Tuesday, September 10, 2013

Heart vs. Brain... a most difficult struggle



It is so terribly difficult to be objective. Our throbbing hearts feel so strongly that our cool, rational heads just don’t stand a chance. 

Case in point – the ACLU is preparing to sue Northeastern University in Boston on behalf of the Students for Justice for Palestine (SJP). The university stands accused of violating the free speech rights of the pro-Palestinian students who disrupted a lecture being given by Israeli Defense Force (IDF) representatives.

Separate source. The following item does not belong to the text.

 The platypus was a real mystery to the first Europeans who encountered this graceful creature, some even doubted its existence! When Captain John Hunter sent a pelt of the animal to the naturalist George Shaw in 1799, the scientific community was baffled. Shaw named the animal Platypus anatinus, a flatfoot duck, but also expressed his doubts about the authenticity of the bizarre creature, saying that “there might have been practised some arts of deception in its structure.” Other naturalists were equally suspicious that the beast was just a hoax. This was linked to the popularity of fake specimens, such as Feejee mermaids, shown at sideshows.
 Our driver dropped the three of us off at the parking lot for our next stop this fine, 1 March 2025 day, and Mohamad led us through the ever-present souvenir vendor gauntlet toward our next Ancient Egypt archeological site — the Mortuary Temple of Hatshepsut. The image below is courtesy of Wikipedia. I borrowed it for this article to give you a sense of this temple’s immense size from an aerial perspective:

WGBH radio describes the incident as such:

“Back in April, the group Students for Justice in Palestine staged a walkout of a presentation by Israeli soldiers inside a lecture hall at Northeastern. Their goal, they say, was to protest human rights abuses in the Middle East. More than 20 students marched out. Some captured video with their smartphones. Others heckled the soldiers, calling them criminals.”

"They’re not welcome on our campus," some shouted. "Free! Free! Palestine!"

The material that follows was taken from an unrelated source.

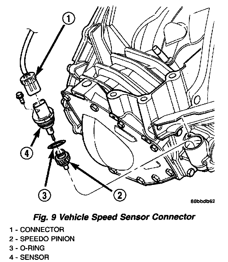 13. Disconnect the vehicle speed sensor connector (Fig. 9).

The Boston Globe, WGBH, and the blogosphere are alight with outrage over Northeastern’s sanctions which include putting the SJP on probation and asking them to draft a civility statement. The common theme is that the university’s actions constitute a “chilling effect on free speech." Apparently the free-speech rights of the SJP protestors trump those of the IDF presenters and the interested folks in the lecture hall.

Why is it so tempting to side with the SJP protestors? Because they are small and Northeastern is large? Because the Palestinians for whom they toil are few and Israel is many? Is there no application of logic to balance a knee-jerk sympathy?

Let’s take this situation and tweak the actors a bit. In a hypothetical situation, imagine New York City Mayor Michael Bloomberg, as head of Mayors Against Illegal Guns, presenting a lecture at Northeastern University. As he begins a full-throated call for increased gun control, an assemblage of Student Republicans stand to shout him down, waving signs which depict Bloomberg as a modern-day Hitler. The university sanctions the student group, putting them on probation and asking them to draft a civility statement. What will the ACLU do? Where do you stand?

Or this…

Planned Parenthood is delivering a policy lecture at Northeastern University. Within moments, a delegation of Catholic pro-life students rise up, displaying signs depicting aborted fetuses and decrying the murder of children. The university sanctions the student group, putting them on probation and asking them to draft a civility statement. What will the ACLU do? Where do you stand?

Freedom of speech does not depend on the popularity of various positions. It is not limited to only aggrieved groups. In the foregoing real and hypothetical examples, it extends to not only the protestors, but to the presenters and the audiences (yes, the freedom to listen is part of free speech). So before maligning and suing Northeastern University, perhaps the principles being applied should be elevated over political sympathies.

It is so terribly difficult to be objective. But we must try.